Ever since John Dryden rendered the Aeneid into English and Alexander Pope performed the same task for the Iliad and the Odyssey, translation has been a high-prestige outlet for the epic imagination. My facility with Homeric Greek is a happy but now distant memory. Like most other readers I depend now on translators, and some recent versions of Homer make a point of accommodating ancient language and conventions to contemporary usage. Book 23 of the Iliad narrates the funeral games staged by the Greeks to memorialize Patroclus. In a poem as grim as the Iliad, the athletic contests offer one of the few occasions for levity. In his version of the boxing match, Robert Fagles introduces a comic touch of his own when Epeus puts himself forward with a confident boast: “I am the greatest!” That the voice of Muhammad Ali should suddenly break into a poem 3,000 years old shrinks the gap of time between contemporary American readers and the heroes on the plains of Troy. There is a similar effect in Fagles's rendition of the chariot race when Menelaus yells at one of his reckless competitors, “Antilochus—you drive like a maniac! Hold your horses!” The second exclamation evokes a Western wagon train, while the first momentarily visualizes the chariot as a hot rod. When Stanley Lombardo tackled Book 23 a phrase drawn from African American slapstick slipped into Odysseus's prayer to Athena to aid him in the footrace: “Hear me, goddess, and don't fail my feet now.” Athena obliges by causing the race's leader, Ajax, to stumble into a pile of cattle dung. “Shit! The goddess tripped me up,” Ajax complains with an expletive more American than Hellenic. The most recent translator of Homer, Emily Wilson, offers a fast-paced and plainspoken Odyssey with a strong rhythmic beat. Steering clear of Lombardo's vulgarism and Fagles's anachronism, she still strips her lines of the coatings of high style. Unapologetically, in her “translator's note,” she alerts readers to her preference for contemporary demotic language. “My Homer does not speak in your grandparents’ English, since that language is no closer to the wine-dark sea than your own.” Wilson's principle echoes Dryden's ambition for translation, more than three centuries ago: “to make Virgil speak such English, as he himself wou’d have spoken, if he had been born in England, and in this present Age.”
Toward the end of his career, Mark Twain was in demand as an after-dinner speaker when he could be counted on for his distinctive blend of stand-up raillery and impromptu cultural criticism. On the evening of 20 November 1900, at New York's Nineteenth Century Club, the main event was Professor Caleb Thomas Winchester's talk on “The Disappearance of Literature.” Asked to make a response, Twain found himself bemused by Winchester's assertion that there were “no modern epics like Paradise Lost.” Surveying his audience, Twain quipped, “I don't believe any of you have ever read Paradise Lost, and you don't want to. It's a classic, just as Professor Winchester says, and it meets his definition of a classic—something that everybody wants to have read and nobody wants to read.” With a move as smooth as a gymnast's dismount, Twain nailed the landing and dispatched at once classical literature in general, Paradise Lost in particular, and the whole prospect of epics in the modern era.
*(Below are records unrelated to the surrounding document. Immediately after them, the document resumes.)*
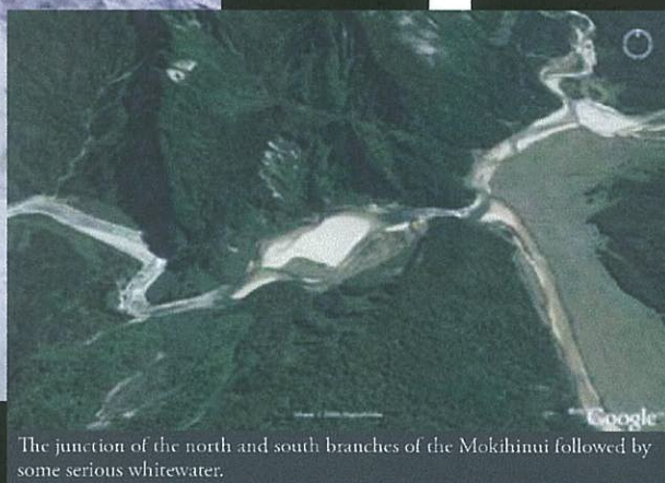
The junction of the north and south branches of the Mokihinui followed by some serious whitewater.

Operator: Eco-rafting, www.ecorafting.co.nz , 0508 669 675
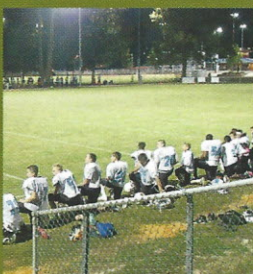
The Spartans take a knee as an injured player is escorted off the field.
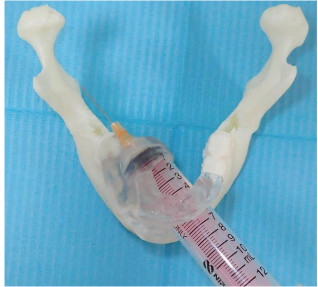
FIGURE 1: IANB device used in this study. This simulation of the IANB device using a syringe shows that the needle correctly reached the target point (mandibular lingula). IANB: inferior alveolar nerve block.

2.3. Local Anesthetic. Lidocaine 1% (1 mL, with no adrenaline; Xylocaine™ Injection Polyamp, Sandoz K.K., Tokyo, Japan) was used as the local anesthetic and injected using
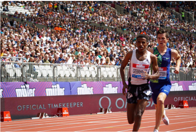
Hagos Gebrhiwet winning the men’s 5,000m

On Day 1 at the men’s 5000m, three-time global 5k-medalist Hagos Gebrhiwet, held off Norway’s 18-year-old Jakob Ingebrigtsen, winning in 13:01.86.
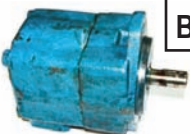
All Brands Hydraulic Motors
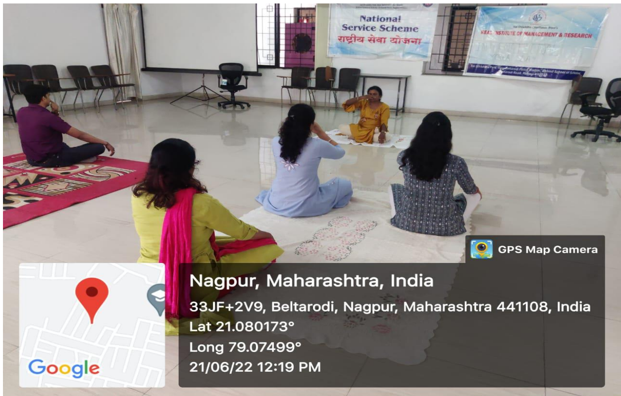
Faculty members and students performing Yoga
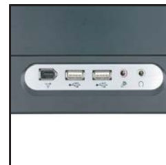
Top Access USB, Firewire, & Audio

Twain's flippancy was prophetic. As the new twentieth century was about to begin, Paradise Lost's stock was also about to take a nosedive with the emergence of Modernist literature and criticism. The knotty exuberance and quirky images of the “metaphysical” poetry of John Donne and Andrew Marvell were better aligned with Modernist experiment than Milton's oratory and Latinate diction. Caleb Winchester's verdict on the disappearance of epic, to which Twain offered his hearty endorsement, seemed con-firmed at every turn. E. M. W. Tillyard's weighty The English Epic and Its Background appeared in 1954, and it established a lengthy pedigree for the English epic in the classical era and the Middle Ages, with a grand tour of Renaissance epic theory and practice in Italy, England, France and Portugal before reaching Spenser's Faerie Queene and eventually Paradise Lost. After the Milton chapter, there are fewer than a hundred pages given over to “eighteenth-century trends” before Tillyard draws the curtain, having virtually nothing to say about the nineteenth century and the first half of the twentieth, though he prudently declined to “conjecture what will be the fate of the epic in the near future.” His book's large helpings of context for the English epic give almost no attention to post-Miltonic epic.
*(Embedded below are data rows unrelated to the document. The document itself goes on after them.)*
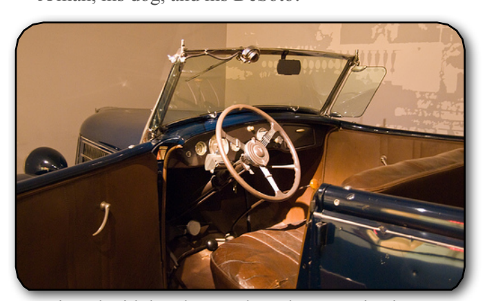
Equipped with hand controls and automatic cigarette dispenser
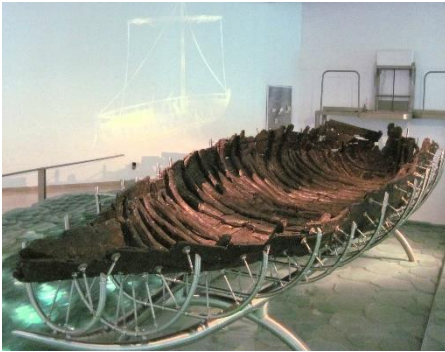
The Galilean Boat
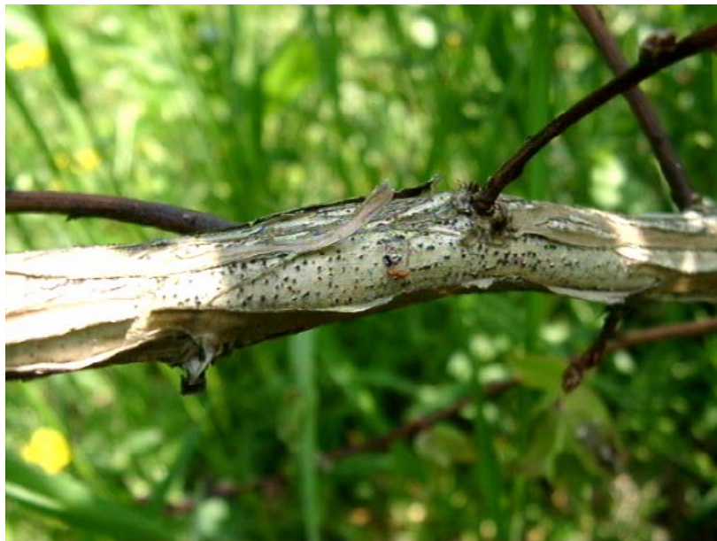
Fig. 3. Necrosis and cracks of the bark of highbush blueberry stems and pycnidia of Phomopsis sp. and Phoma sp.
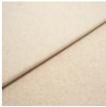
Fabric Margrethe 1 Sand 1020601

Laws, regulations and policies are important to the flow of data across borders since they create the certainty that enables the smooth conduct of business; in today's fast-paced world, certainty is a valuable commodity. But laws, regulations and policies alone are not sufficient and could be counterproductive. In order to formulate a proper policy on the management of cross-border data – or arguments why a laissez-faire approach may be preferable to an articulated policy framework – governments must understand the nature of data and data flows today. Towards this end, this chapter provides necessary background by exploring the concurrent developments of the explosive growth in data volume, applications for the use of data and the drivers behind these trends.
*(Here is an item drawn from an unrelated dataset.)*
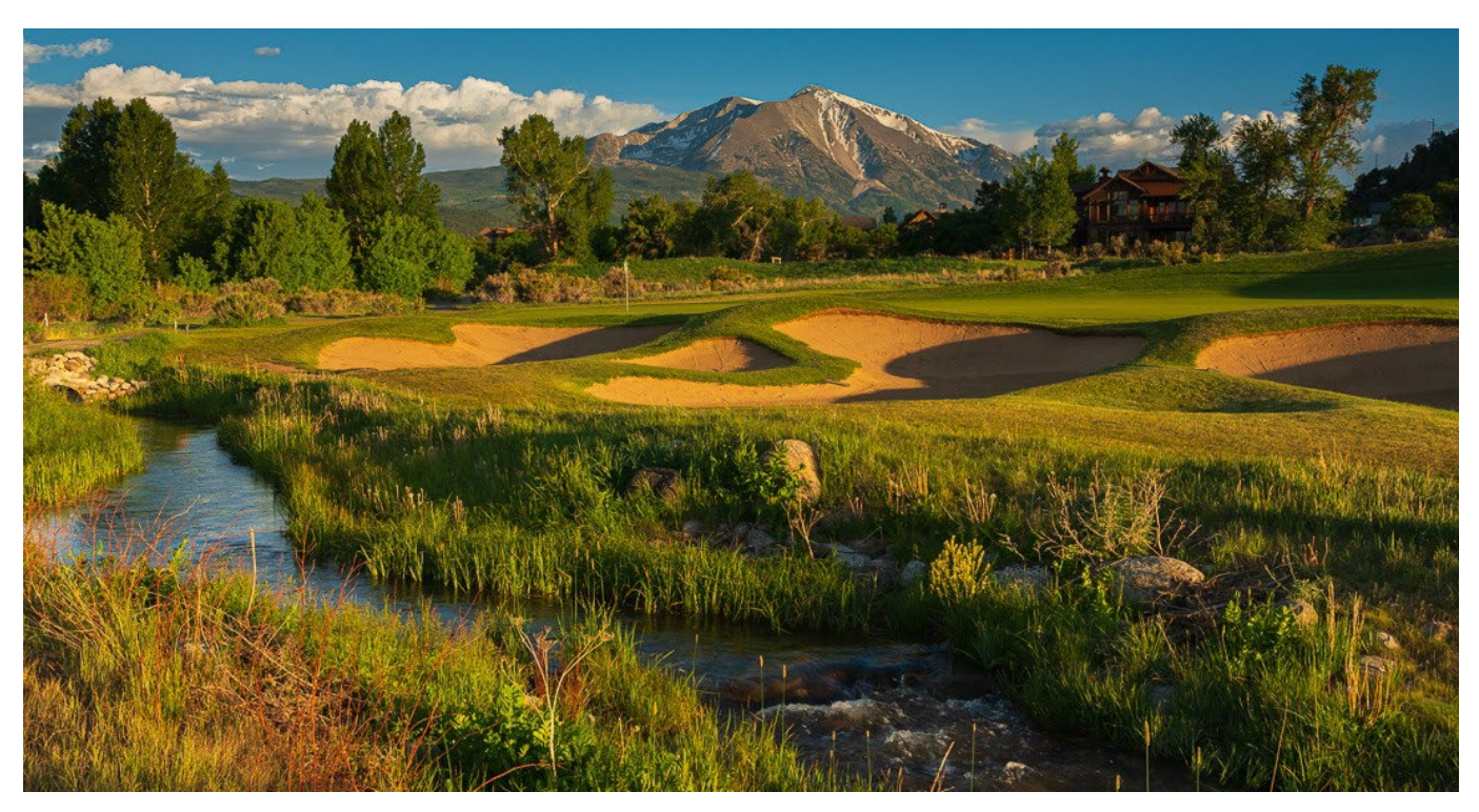
#2 Best Public Golf Course Colorado - NBC Golfpass

The Growth (and Growing Importance) of Data
Data is now one of the world's most valuable resources (The Economist, 2017). In today's digitally transformed world where over 2.5 quintillion bytes of data are generated every day, flow of knowledge and technology lies at the centre of new networks driving production and innovation (Holst, 2021). The increasing use of internet of things (IoT) and the growing amount of data generated and flowing across borders are driving substantial opportunities. This is not surprising as more companies are turning into ‘datavores’, making strong use of data and analysis for decision-making and increasingly big data and artificial intelligence (AI) for a range of initiatives and business operations (Bridges, 2015; Bilodeau, 2019).
Unlike conventional assets, data is non-rivalrous – multiple parties can use the same data concurrently without it being used up and data often gains its value from being combined with other data (Coyle et al., 2021) This makes crossborder data flows – which refers to the movement or transfer of information between computer servers across borders – even more important. Cross-border data flows enable people to easily transmit information for online communication, track global supply chains, share research, combine data, provide cross-border services and support technological innovation (Congressional Reporting Service, 2020). Over the past decade, cross-border data flows have increased global gross domestic product (GDP) by 10.1 per cent (Manyika et al., 2016, 10, 76), and by 2018 data flows had already accounted for US$2.8 trillion of global GDP, surpassing the global trade in goods (GSMA, 2018).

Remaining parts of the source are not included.